Output all entries verbatim, dropping pictures.

## Items from a data source
━━━━━━━━━━

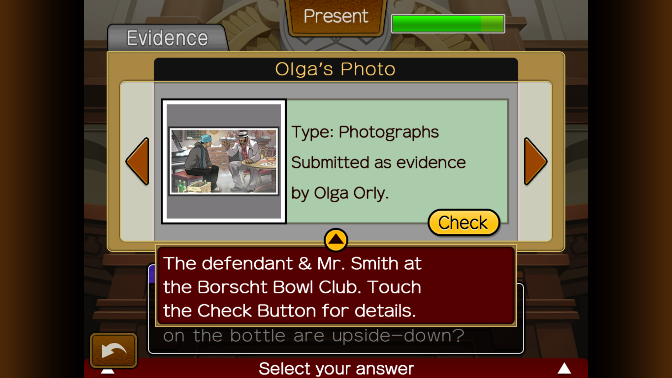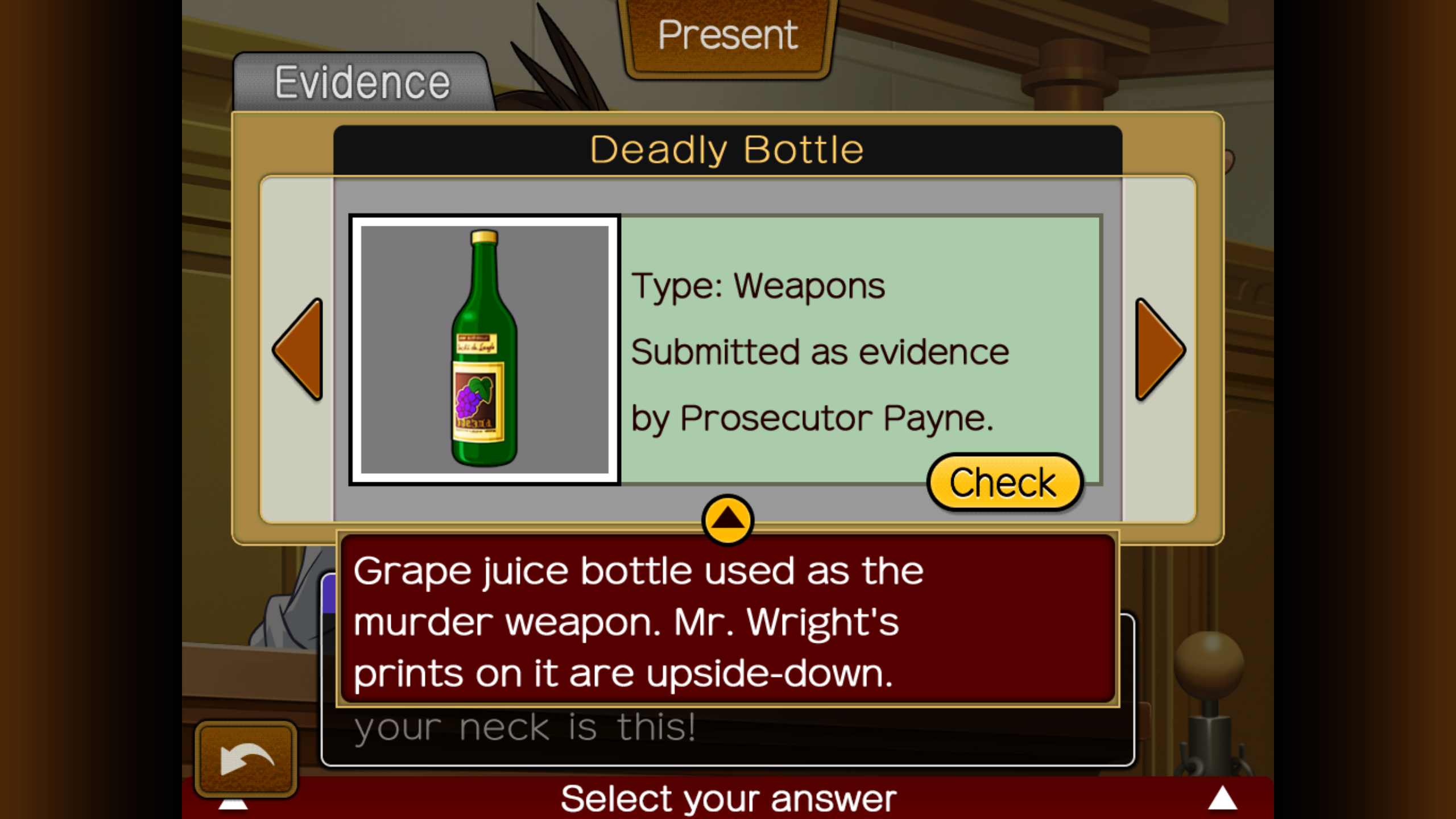 In an act of desperation, Kristoph reminds the court about Phoenix’s upside-down fingerprints on the murder weapon. If you look at Olga’s Photo, you’ll notice that the defendant is sitting next to a box of grape juice bottles. Were he to reach down and pick one up, his fingerprints would naturally appear upside-down. Present Olga’s Photo to the court as a reason for Mr. Wright’s upside-down prints.
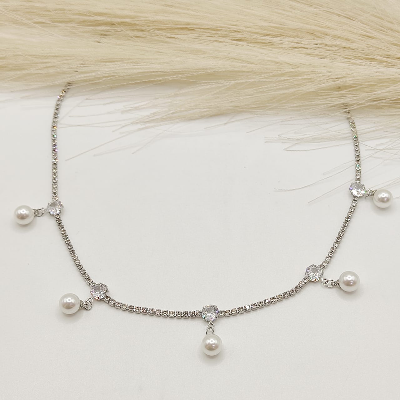 CHOKER CADENA BRILLO CON CZ CON PERLAS COLGANDO
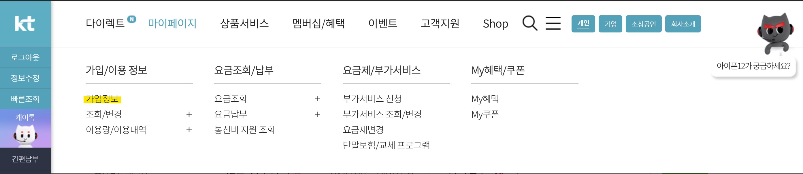 이중에서 제가 KT를 쓰고 있기 때문에 KT 원부증명서를 발급 방법을 알려드리도록 하겠습니다.
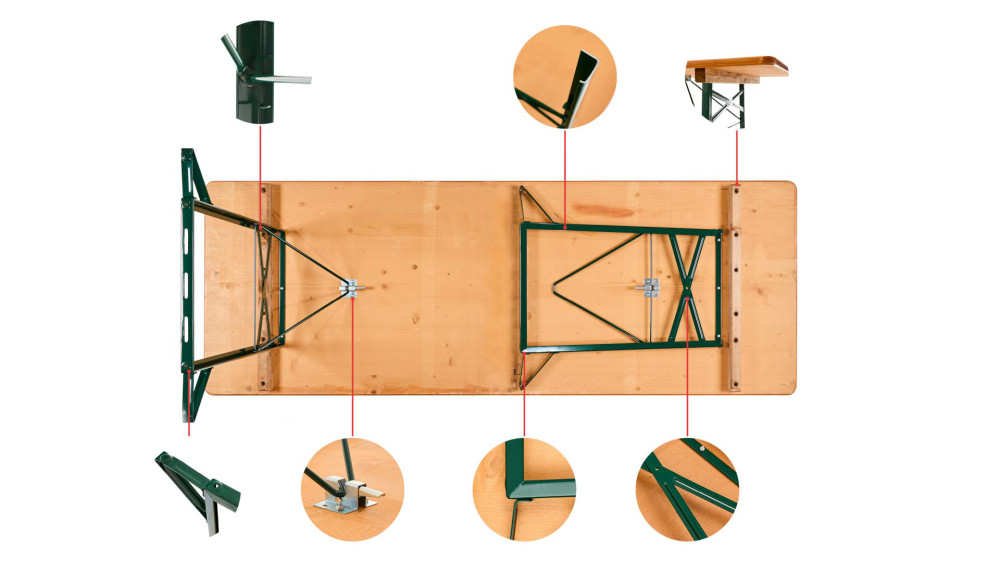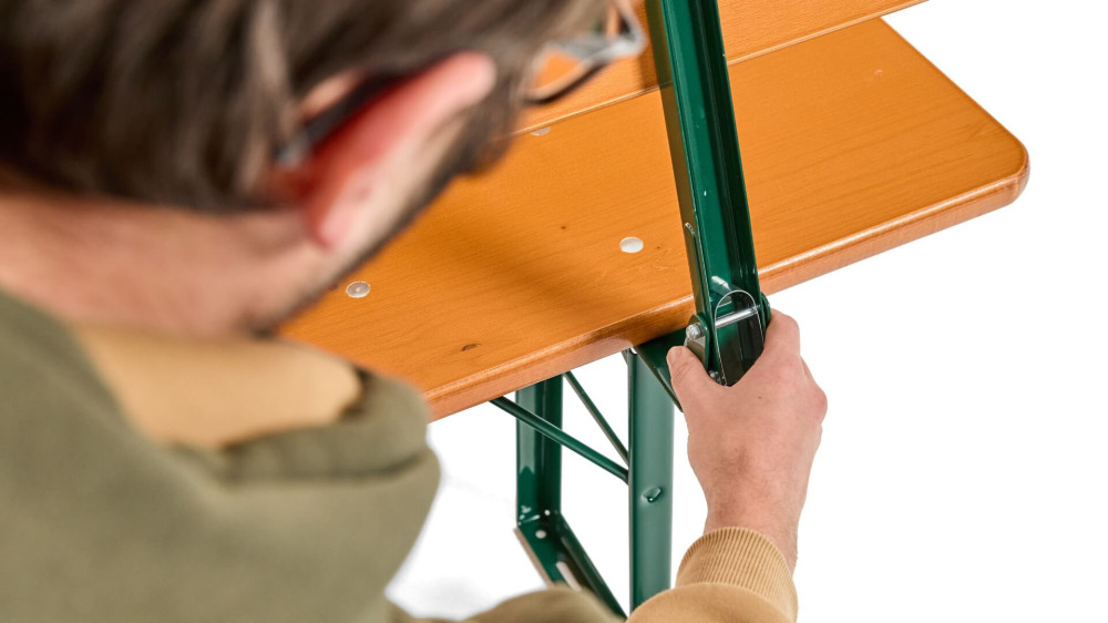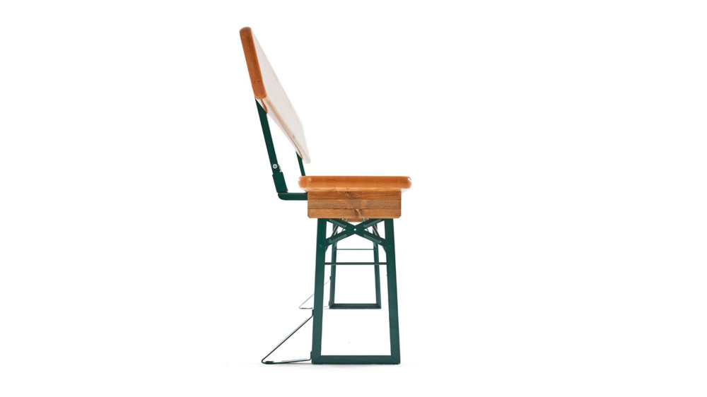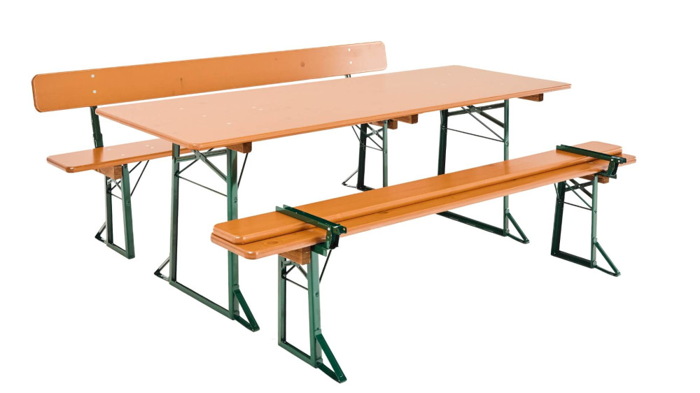 Die breite Bierzeltgarnitur mit Rückenlehne ist der Inbegriff für eine komfortable Bierzeltgarnitur. Der extra breite Biertisch in Kombination mit den zwei Bierbänken, die um klappbare Lehnen ergänzt und kinderleicht bedienbar sind, sorgen für den besonderen Festzeltgarnitur-Komfort im Vergleich zu einer klassischen Bierzeltgarnitur. Die Lehne garantiert dabei mit ihrer ergonomisch optimierten Lehnenneigung ein angenehmes Sitzen. Dazu trägt natürlich auch die etwas breitere Sitzfläche bei. Zudem wird eine jede Bierbank mit Lehne standardmäßig mit einer zusätzlichen Verlängerung an der Hinterseite des Untergestelles geliefert. Dies erhöht die Stabilität der Bierbank und beugt so einem Umkippen der Bank vor.
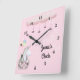 Jolie horloge murale rose pour une chambre de jeunes filles. L'horloge a un design de nuages, "une licorne", étoiles, marguerites et un nom qui peut être changé. Merci à Creative Fabrica pour certains des éléments du design.
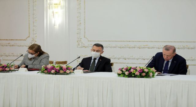Cumhurbaşkanı Yardımcısı Fuat Oktay, Cumhurbaşkanı Recep Tayyip Erdoğan başkanlığında Türkiye Genç İş Adamları Konfederasyonu heyeti ile biraraya gelerek, pandemi sonrası güçlü planlarını ele aldıkları konuşmasında tüm iş insanlarına teşekkür mesajlarını iletti.
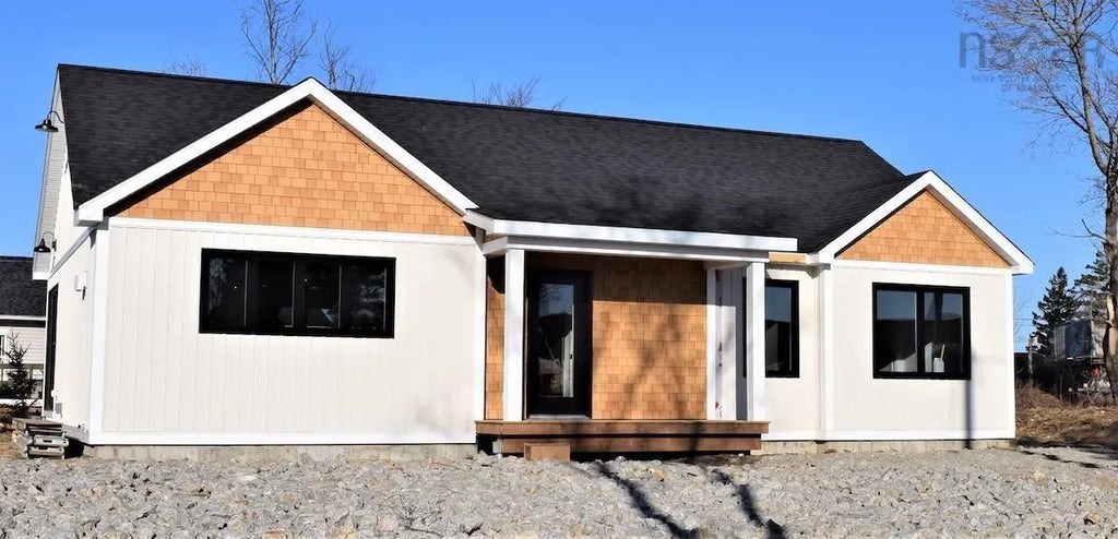Are you looking for a beautiful, brand-new bungalow in a quiet neighborhood with ocean views? Look no further! Located in the beautiful seaside village of Chester, known for its amenities such as golf, sailing and fine dining, this lovely 3-bedroom, 2 full bath home is ideal for families or retirees looking for a peaceful retreat. The open concept kitchen and living room are perfect for entertaining guests or simply relaxing with family. The kitchen features ample storage and an island with a beautiful quartz countertop, perfect for meal preparation or casual dining. The wood accents between the living room and kitchen give the space a cozy natural feel, while the vinyl click flooring is both stylish and durable. The ample foyer features a ship lap accent wall and a built-in bench with coat hooks above for ease of access and use. The living room boasts plenty of natural light, thanks to the large windows and 8’ patio door. This home has a heat pump and a propane fireplace, ensuring it stays warm and cozy throughout the year. The triple glazed black casement windows and vertical siding provide both a modern and timeless look to the exterior of the home, while the upgraded vinyl shingle accents add a touch of style. And with views of the waters of Mahone Bay, you'll never tire of the stunning scenery this area has to offer. Don't miss out on this amazing opportunity to own your dream home in a peaceful, serene location. ***Please visit Realtor website for more information ***
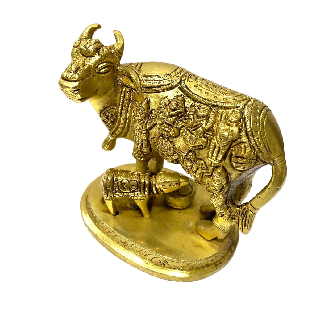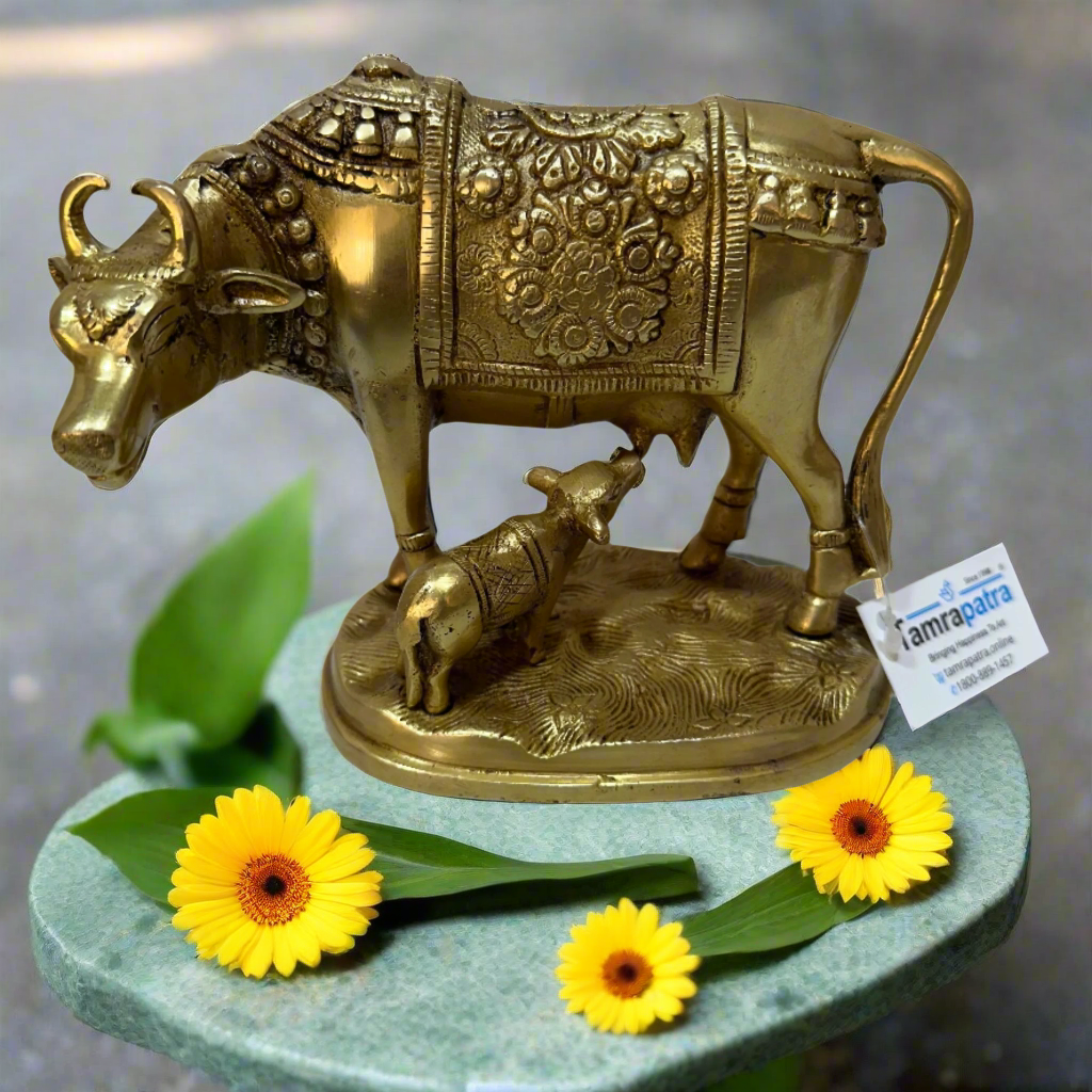 Kamdhenu Cow And Baby Brass Decorative Showpiece Exclusively At Tamrapatra
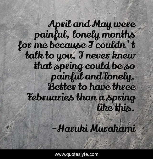 This page presents the quote "April and May were painful, lonely months for me because I couldn't talk to you. I never knew that spring could be so painful and lonely. Better to have three Februaries than a spring like this.". Author of this quote is Haruki Murakami. This quote is about sadness, love, affection,.

━━━━━━━━━━

## RESULT OF THIS TASK
 In an act of desperation, Kristoph reminds the court about Phoenix’s upside-down fingerprints on the murder weapon. If you look at Olga’s Photo, you’ll notice that the defendant is sitting next to a box of grape juice bottles. Were he to reach down and pick one up, his fingerprints would naturally appear upside-down. Present Olga’s Photo to the court as a reason for Mr. Wright’s upside-down prints.
 CHOKER CADENA BRILLO CON CZ CON PERLAS COLGANDO
 이중에서 제가 KT를 쓰고 있기 때문에 KT 원부증명서를 발급 방법을 알려드리도록 하겠습니다.
 Die breite Bierzeltgarnitur mit Rückenlehne ist der Inbegriff für eine komfortable Bierzeltgarnitur. Der extra breite Biertisch in Kombination mit den zwei Bierbänken, die um klappbare Lehnen ergänzt und kinderleicht bedienbar sind, sorgen für den besonderen Festzeltgarnitur-Komfort im Vergleich zu einer klassischen Bierzeltgarnitur. Die Lehne garantiert dabei mit ihrer ergonomisch optimierten Lehnenneigung ein angenehmes Sitzen. Dazu trägt natürlich auch die etwas breitere Sitzfläche bei. Zudem wird eine jede Bierbank mit Lehne standardmäßig mit einer zusätzlichen Verlängerung an der Hinterseite des Untergestelles geliefert. Dies erhöht die Stabilität der Bierbank und beugt so einem Umkippen der Bank vor.
 Jolie horloge murale rose pour une chambre de jeunes filles. L'horloge a un design de nuages, "une licorne", étoiles, marguerites et un nom qui peut être changé. Merci à Creative Fabrica pour certains des éléments du design.
Cumhurbaşkanı Yardımcısı Fuat Oktay, Cumhurbaşkanı Recep Tayyip Erdoğan başkanlığında Türkiye Genç İş Adamları Konfederasyonu heyeti ile biraraya gelerek, pandemi sonrası güçlü planlarını ele aldıkları konuşmasında tüm iş insanlarına teşekkür mesajlarını iletti.
Are you looking for a beautiful, brand-new bungalow in a quiet neighborhood with ocean views? Look no further! Located in the beautiful seaside village of Chester, known for its amenities such as golf, sailing and fine dining, this lovely 3-bedroom, 2 full bath home is ideal for families or retirees looking for a peaceful retreat. The open concept kitchen and living room are perfect for entertaining guests or simply relaxing with family. The kitchen features ample storage and an island with a beautiful quartz countertop, perfect for meal preparation or casual dining. The wood accents between the living room and kitchen give the space a cozy natural feel, while the vinyl click flooring is both stylish and durable. The ample foyer features a ship lap accent wall and a built-in bench with coat hooks above for ease of access and use. The living room boasts plenty of natural light, thanks to the large windows and 8’ patio door. This home has a heat pump and a propane fireplace, ensuring it stays warm and cozy throughout the year. The triple glazed black casement windows and vertical siding provide both a modern and timeless look to the exterior of the home, while the upgraded vinyl shingle accents add a touch of style. And with views of the waters of Mahone Bay, you'll never tire of the stunning scenery this area has to offer. Don't miss out on this amazing opportunity to own your dream home in a peaceful, serene location. ***Please visit Realtor website for more information ***
 Kamdhenu Cow And Baby Brass Decorative Showpiece Exclusively At Tamrapatra
 This page presents the quote "April and May were painful, lonely months for me because I couldn't talk to you. I never knew that spring could be so painful and lonely. Better to have three Februaries than a spring like this.". Author of this quote is Haruki Murakami. This quote is about sadness, love, affection,.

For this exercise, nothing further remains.